Discrimination against the lower classes has been fueled by the pandemic culture.
Dr Jagdish Hiremath, a leading cardiologist at India’s ACE Healthcare, noted in a tweet – “Social distancing is a privilege. It means you live in a house large enough to practise it. Hand washing is a privilege too. It means you have access to running water. Lockdowns are a privilege. It means you can afford to be at home. Most of the ways to ward off (the coronavirus) are accessible only to the affluent.”

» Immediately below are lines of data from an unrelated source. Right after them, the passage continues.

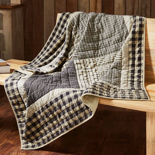 The My Country Plaid Patchwork Throw Blanket is a true testament to cozy farmhouse style. This cotton throw has a true patchwork pattern with plaid and stripe designs. Colors include shades of midnight blue, black, and natural. The pre-washed and preshrunk throw has channel quilting, bound ends, and a solid natural backing. Throw has a 2.75" rod pocket on the back for hanging. Measures 50"x60". Fill is cotton. Machine washable. Imported.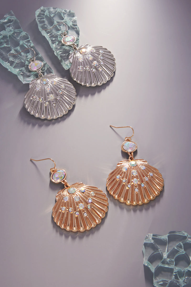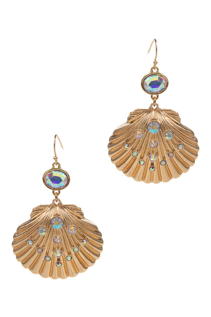 Shell Shaped Rhine Stone 2 Drop Hook Earrings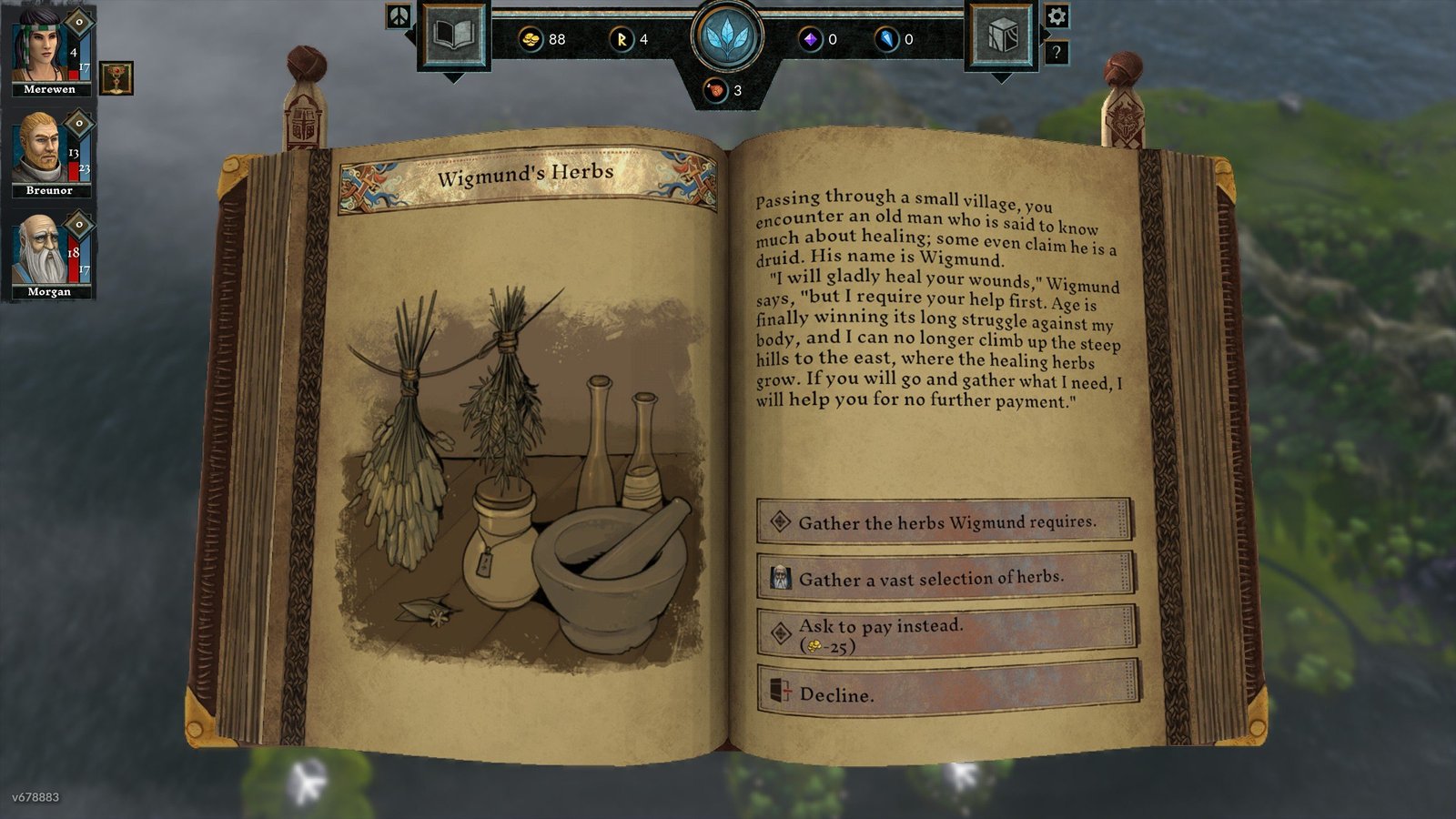 Tout d’abord, The Hand of Merlin nous place à la tête d’un compagnie de mercenaires chargés d’emporter le Saint Graal depuis la Terre d’Albion jusqu’à Jerusalem. Après l’échec du légendaire Arthur, nous devenons ainsi peu ou prou le dernier espoir de l’humanité. Sur leur chemin, nos héros n’auront de cesse de devoir composer avec différents évènements qui ne manqueront pas de surgir pour compliquer la progression vers le terre sainte. Parmi ceux-ci, les nombreux affrontements qui nous opposent aux abominations tentant de précipiter l’apocalypse apporteront leur lot de sueurs froides. Fort heureusement nous serons guidés par la main experte du grand Merlin, rescapé de la lutte contre les forces du mal. Nous aurons également le plaisir de croiser la route de figures emblématiques des légendes arthuriennes.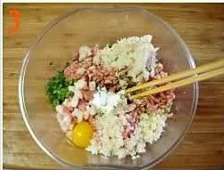 肥肉丁、瘦肉泥、马蹄末、葱花、姜末、蒜末、蟹肉放入大碗,加入一个鸡蛋适量蚝油、水、生抽、盐、糖、料酒、淀粉,朝一个方向搅拌上劲,成为肉馅;

The pandemic culture in itself is the biggest discrimination between the different classes.
As stated previously, this silent form of stigmatisation has unfortunately crippled the individuals from lower classes to progress through their living and working conditions during the pandemic. The World Bank estimates that the pandemic will push 150 million people into extreme poverty by the end of 2021, where the new poor will be in countries already having high poverty rates. This states an unfortunate crisis at hand, where we have clearly failed to help our fellow humans in a time where they face stigmatisation along with a life-threatening virus.
– Urveez Kakalia and Ferangiz Hozdar.